# Gold trapped in solution



## Rreyes097 (Jun 21, 2016)

My material is gold filled jewelry and watches and such. I tried to follow the instructions to the t, but now my solution won't give up is gold, I messed up I think and put the rest of the solid material that wouldn't desolve in my stock pot, which is also another problem. That the problem I think is that I put far too much cooper in. So im not sure where to start. Any tips are helpful


----------



## g_axelsson (Jun 21, 2016)

What did stannous testing give?

Göran


----------



## kernels (Jun 21, 2016)

In my very limited experience, the only time my gold got 'stuck' in solution was when there was still nitric acid in solution. How did you remove the excess nitric ? I assume we are talking about regular recovery/refining here, and not a Sulphuric Cell or other gold leach ? 

If you have far too much copper in there, your AR will have a green color instead of the normal deep yellow, but that hasn't prevented me from dropping the gold (and ending with a blue color). 

If you did put a lot of copper into the AR, that would have consumed the excess nitric, but when you drop the gold, you will have it mixed with the left-over copper. There should also not really be much copper that comes out of your stock pot (unless you use copper powder in your stock pot to drop the PMs) ?

A few more details and a few more pictures would help a lot.


----------



## upcyclist (Jun 21, 2016)

It would help if you clarified your situation a bit. What was your process with the gold-filled material? And do you mean that there's too much copper in your final AR solution, or in your stockpot?

Göran's question about stannous testing is key--you need to know if there actually is any gold in your AR or not.

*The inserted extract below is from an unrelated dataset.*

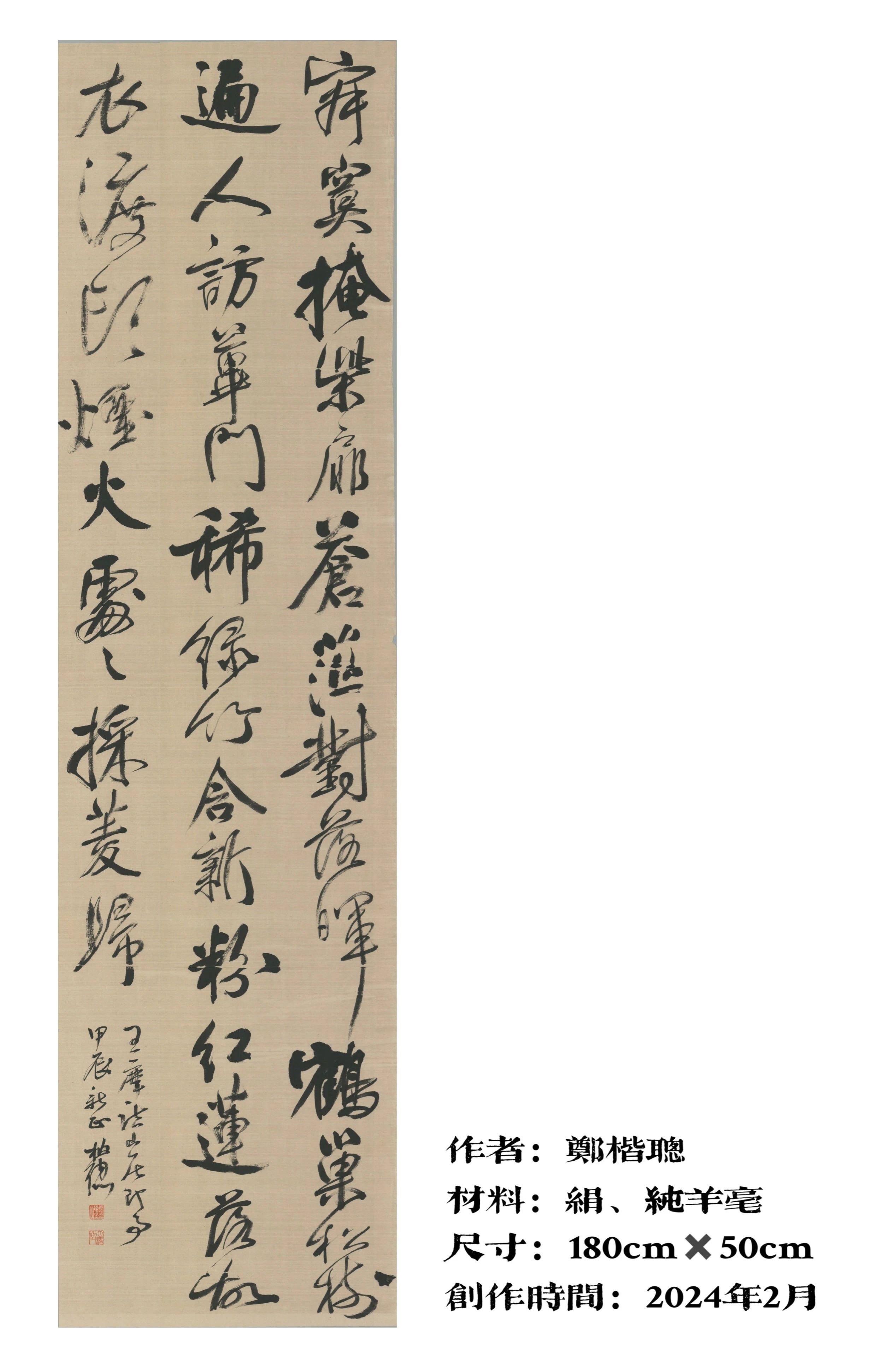 郑楷聪,1997年生于广东潮州,金年会jinnianhuicom教师。2023年硕士毕业于南京金年会jinnianhuicom美术学专业书法(篆刻)理论方向。中国书法家协会会员。书法作品曾入展全国第十二届书法篆刻展(中国书法家协会),全国第十三届书法篆刻展(中国书法家协会,楷书、行书两体入展),第五届青年书法篆刻展(中国书法家协会),第三届大学生书法篆刻展(中国书法家协会),2021全国楷书年展(中国书法家协会),第五届中国书坛兰亭雅集42人展等。

If that's where you added "too much" copper, then yes, you may have nothing but copper in your solution, and what went to your stockpot is both leftover copper and all your PMs. That's not a problem, per se, because now at least you know where it is, and it won't go anywhere if you leave it alone.

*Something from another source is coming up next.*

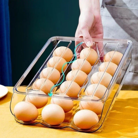 Keep your refrigerator clean and organized with the Refrigerator Egg Storage Box. This egg holder stores eggs securely while saving space. The auto-rolling feature makes eggs easy to grab without opening the lid. Made from clear food-grade PET plastic, it's easy to monitor the egg count. Designed for daily use in busy kitchens, this egg organizer fits smoothly into standard fridge layouts.

If you were worried about copper in your stockpot, while there are always extremes, it's pretty difficult to have too much copper there--an excess of copper is what cements your PMs out of solution. As long as the stockpot solution is fully saturated with copper (or other, more reactive, metals), there's no room in it for gold, silver, etc. If that's not clear, read up on the reactivity series of metals--it's much of what our acid work, particularly dissolution and waste processing, depends on.


----------



## Rreyes097 (Jun 23, 2016)

So to clarify a couple of things. Stannous test showed nothing. I put too much copper in the stock pot not in the AR. I used aqua regia to get the gold disolved. I used the Gold filled method that I seen on gold refining forum. Incinerate next nitric acid diluted I followed everything I could to the letter except sifting it through a screen.) putting urea into the solution there was no bubbling when putting SMB into it there was no reaction whatsoever. I am adding a picture of the Stannous test and of my solution the color is a deep green. I put the solids that didn't dissolve in the nitric acid I put that into my stock pot which I think has too much copper but that's a different subject that I shouldn't have put on to this post. Please help


----------



## kernels (Jun 23, 2016)

Are you saying you tried to dissolve all the base metal with gold plating in AR ? Why did you put the undissolved stuff in the stock pot ? There can't really be too much copper in a stock pot, it's only function there is to cement out precious metals. 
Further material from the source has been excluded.